Transcribe the lines below verbatim, skipping the images.

**** AVAILABLE DATA

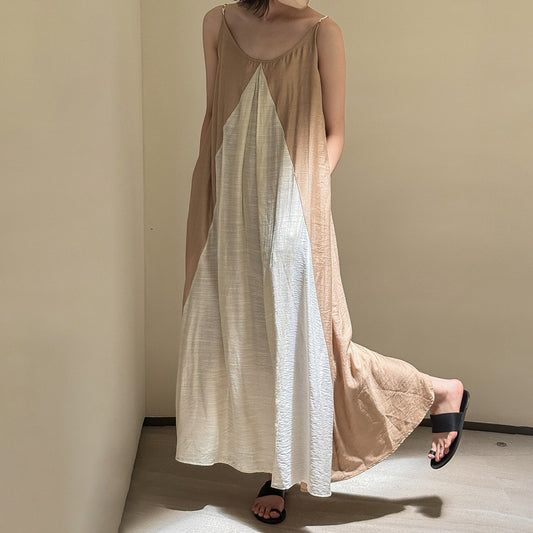 【ワンピース】夏新作 リラックス感漂うリゾートロングドレス 切り替え ノースリーブワンピース【SHシリーズ】
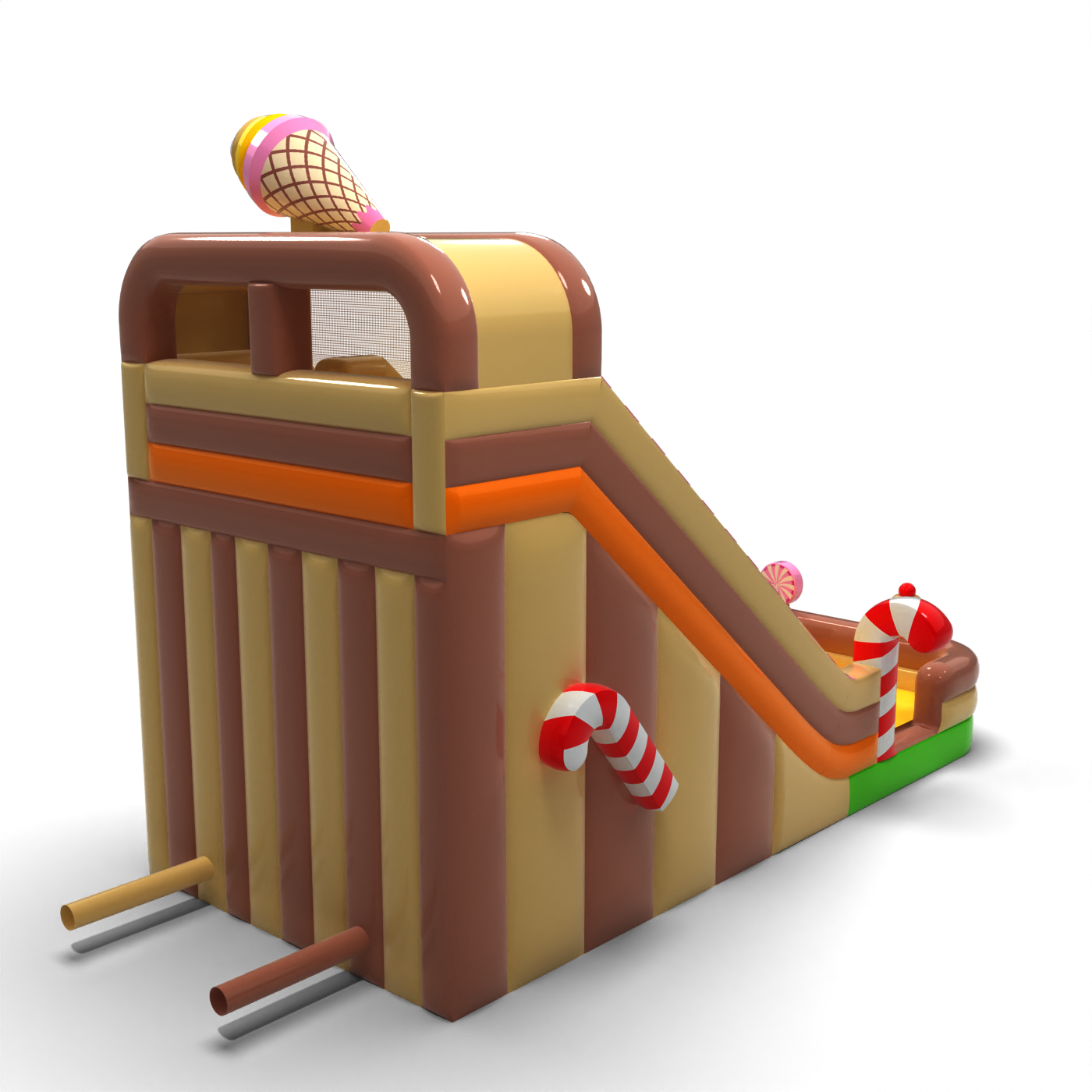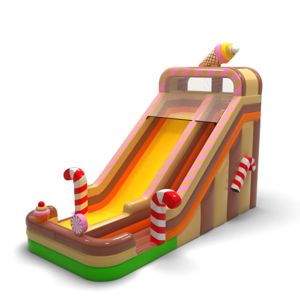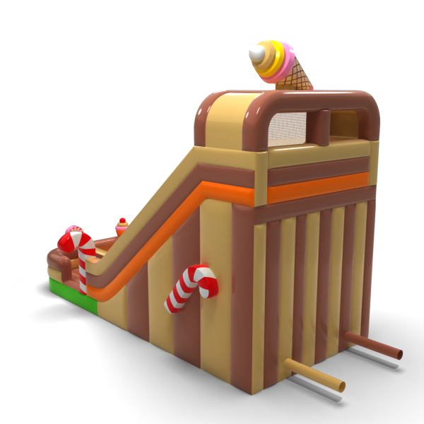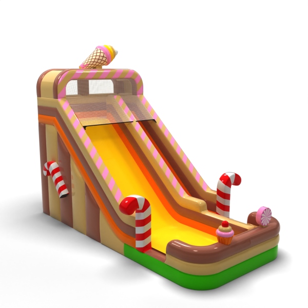 Η διπλή διογκώσιμη τσουλήθρα σε θέμα καραμέλας με ύψος 7,3 μ. είναι η τέλεια επιλογή για κάθε υπαίθρια εκδήλωση. Οι δύο πίστες τσουλήθρας προσφέρουν περισσότερο ενθουσιασμό, ενώ οι πολύχρωμες λεπτομέρειες και η ανθεκτική κατασκευή εξασφαλίζουν ασφάλεια και εύκολο χειρισμό. Προσθέστε μια γλυκιά πινελιά στην εκδήλωσή σας!
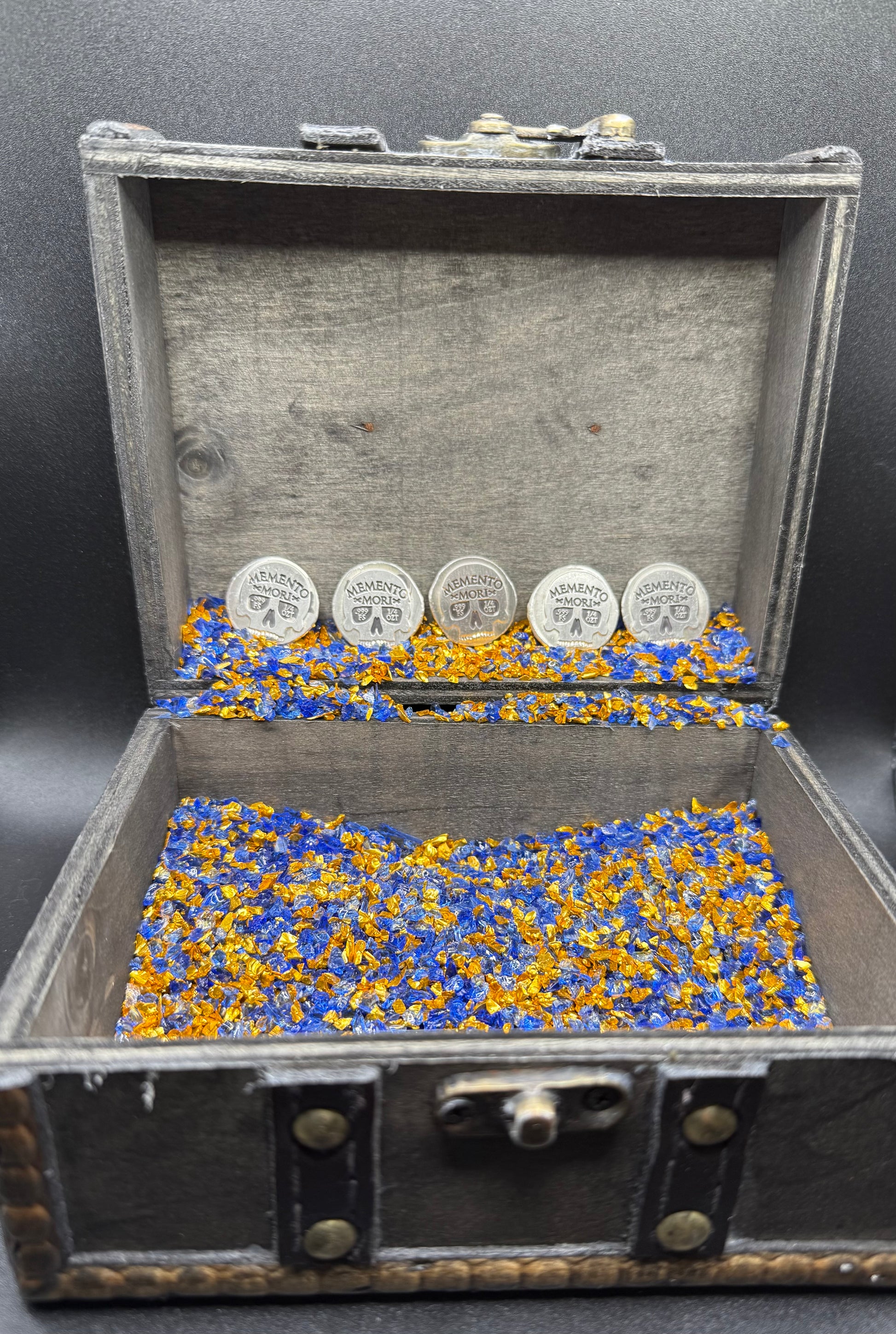 'Memento Mori' Pirate Treasure Hand Crafted by Mutiny Metals 1.25 Troy Ounce .999 Fine Silver Round 5 Piece Set Antique Finish Includes Wood Treasure Chest, Capsule & COA

********

◆ OUTPUT OF THE EXERCISE
 【ワンピース】夏新作 リラックス感漂うリゾートロングドレス 切り替え ノースリーブワンピース【SHシリーズ】
 Η διπλή διογκώσιμη τσουλήθρα σε θέμα καραμέλας με ύψος 7,3 μ. είναι η τέλεια επιλογή για κάθε υπαίθρια εκδήλωση. Οι δύο πίστες τσουλήθρας προσφέρουν περισσότερο ενθουσιασμό, ενώ οι πολύχρωμες λεπτομέρειες και η ανθεκτική κατασκευή εξασφαλίζουν ασφάλεια και εύκολο χειρισμό. Προσθέστε μια γλυκιά πινελιά στην εκδήλωσή σας!
 'Memento Mori' Pirate Treasure Hand Crafted by Mutiny Metals 1.25 Troy Ounce .999 Fine Silver Round 5 Piece Set Antique Finish Includes Wood Treasure Chest, Capsule & COA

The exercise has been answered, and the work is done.